Yes. Bre Jod is leading. If you see a red glow, it is his caving light.

Has Wulf told Mel this?

Yes. We understand you’re being followed. We’re moving as fast as we can, but the tunnel is very narrow at this end, and it is slow going.

Okay. Be careful.

“I see a light,” a low angry male voice echoed down the tunnel. It seemed close, but sounds were deceptive in caves.

They know where we are.

Lorinda was getting weaker and weaker. Mel was pregnant with an heir to the Prime leadership. Bria knew what she had to do and threw up a wall around her mind to keep Iolyn from talking her out of her plan.

Bria tugged on Mel’s sleeve. “Go. Take Lorinda. I’ll stall Jotak.”

“No.” Mel’s voice held anger, fear. Her face looked almost demonic in the light from the lantern as she turned toward Bria.

Lorinda turned and shook her head. “Stay together.”

“That’s foolish,” Bria muttered. “I can do this. I have to do this.”

“I’ll stay,” Mel offered. “I have more training.”

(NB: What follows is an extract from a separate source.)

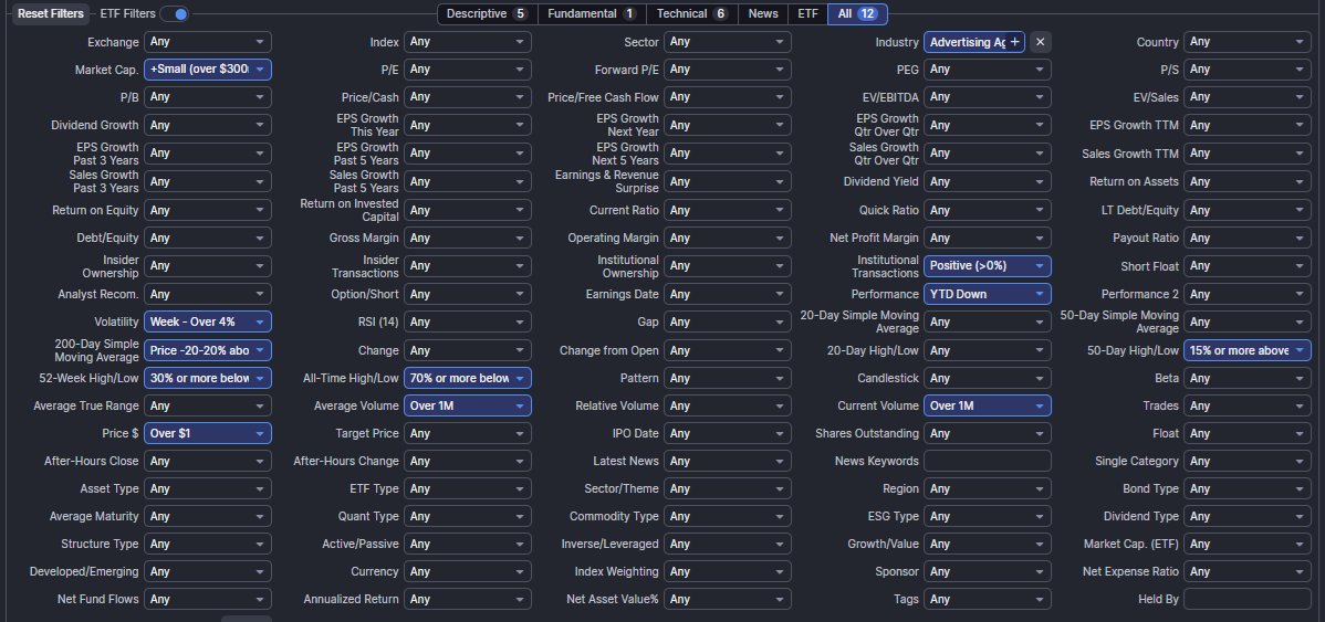 This week’s 18 beaten-down stocks — potential long-term cup-and-handle setups with positive institutional accumulation over the past 3 months

Bria pressed a hand over Mel’s still-flat tummy. “Not an option. Jotak is my problem. Not yours.”

Mel growled sub-vocally, but nodded. “If they take you—”

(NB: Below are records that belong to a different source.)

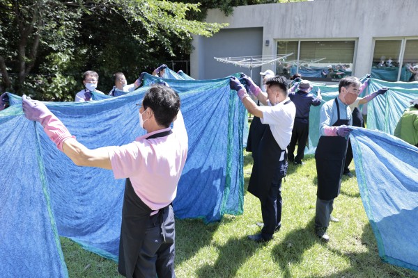 7월1일 수요일은 09:00 복지회관에서 출발하여 현장학습을 다녀왔다. 코로나19로 인해 위축된 생활을 하던 중 조심스럽게 방역수칙(발열체크, 마스크 착용, 손소독 등)을 준수하면서 체험학습을 진행하였다. 모처럼의 나들이에 참여자들은 즐거운 모습이었다. 마스크를 끼고 체험활동을 하면서도 힘든 기색도 없이 웃고있었다. 여름에 안성마춤인 인견이불 쪽염체험을 2인1조가 되어 염물에 담그고 말리고를 반복하면서 완성하였다. |
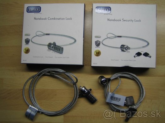 Predám nové lankové zámky na notebook, kľúč alebo číselný kód. Dlžka lanka 1,5m.
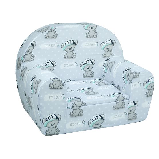 Piękne małe krzesło w szarym kolorze z wizerunkiem pluszowego misia w czapce oraz białymi kropkami i chmurami pokocha każdego małego rapera. Idealne miejsce do oglądania ulubionych bajek i relaksu po męczącym dniu.
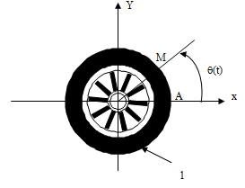 Soit un solide 1 en rotation autour d’un axe z passant par O, la trajectoire des points M du solide est un cercle de centre O et de rayon OM. A t = 0 s, M est en A (position initiale). A t quelconque, M a décrit un arc de cercle.

Bria cut Mel off. “Then my
gemat
will come get me. Now, move.”

Mel thrust several ancient knives carved from animal bone into Bria’s hand. “Go for a kill with each and every throw, sister-kin. If you get the chance, cut off their heads.”

Bria gulped. “That’s the plan.” She could do this. Life or death. She wanted to live, so Jotak and the others had to die.

Mel took Lorinda’s elbow and soon the light from the one lantern they’d taken and the sound of their soft footfalls were gone.

The only remaining sounds in the dark, narrow tunnel were the shuffling of large feet heading for her position, the
throb, throb, throb
of her rapidly pounding heart in her ears, and the pounding of Iolyn’s angry will against her shields.

Quickly, Bria prepared her defense. She placed the lantern on the tunnel floor, a meter from the slight turn in the tunnel where she would hide. She turned up the intensity of the light and aimed it in the direction from which the men would approach. They would be blinded, giving her time to target them. Then she moved back and into the shadows.

She’d start by throwing her sharpest weapons first. With any luck, she’d take down the enemy and then could finish them off before the pseudo-reptilians had a chance to heal themselves. She had very little space in which to maneuver, and now that she’d placed the light closer to the enemy, she had no way of retreating in the inky darkness of the tunnel leading toward the waterfall cave.

To skew the odds in her favor, she’d need help from her warrior-
gemat
. Taking slow, calm breaths, she lowered her mental shields and met a blast of red-hot rage and fear coming across their mate-bond.

Bria! Bria! Answer me!

I’m here. They aren’t…yet. Are you going to be a help or a hindrance,
gemat
?

Iolyn’s fear-filled rage chilled to arctic ice temperatures as the frigid calm of full-blown
batel rabia
set in place. Bria felt the other Prime with Iolyn join in, even Nadia. Mel, who could not have met up with the rescue team yet, also rode the wave.

Ride the battle rage, Bria
lubha
. We’ll be there soon. Do. Not. Get. Hurt.

Top of my to-do list, warrior-
gemat. The enemy was closer now. She swore she could smell their anger as they approached.
Iolyn…I love you. It’s time.

Iolyn’s response was to stroke a phantom hand over her hair and then send her a burst of strength to aid her throws as he had earlier. She also sensed the flow of Prime energy building in strength and speed, like an unearthly tsunami, as the rescue team came ever closer.

“The light is stronger ahead,” Jotak said. “It is not moving. They must have hit a dead end.”

“Or it’s a trap,” one of the other Dornians said.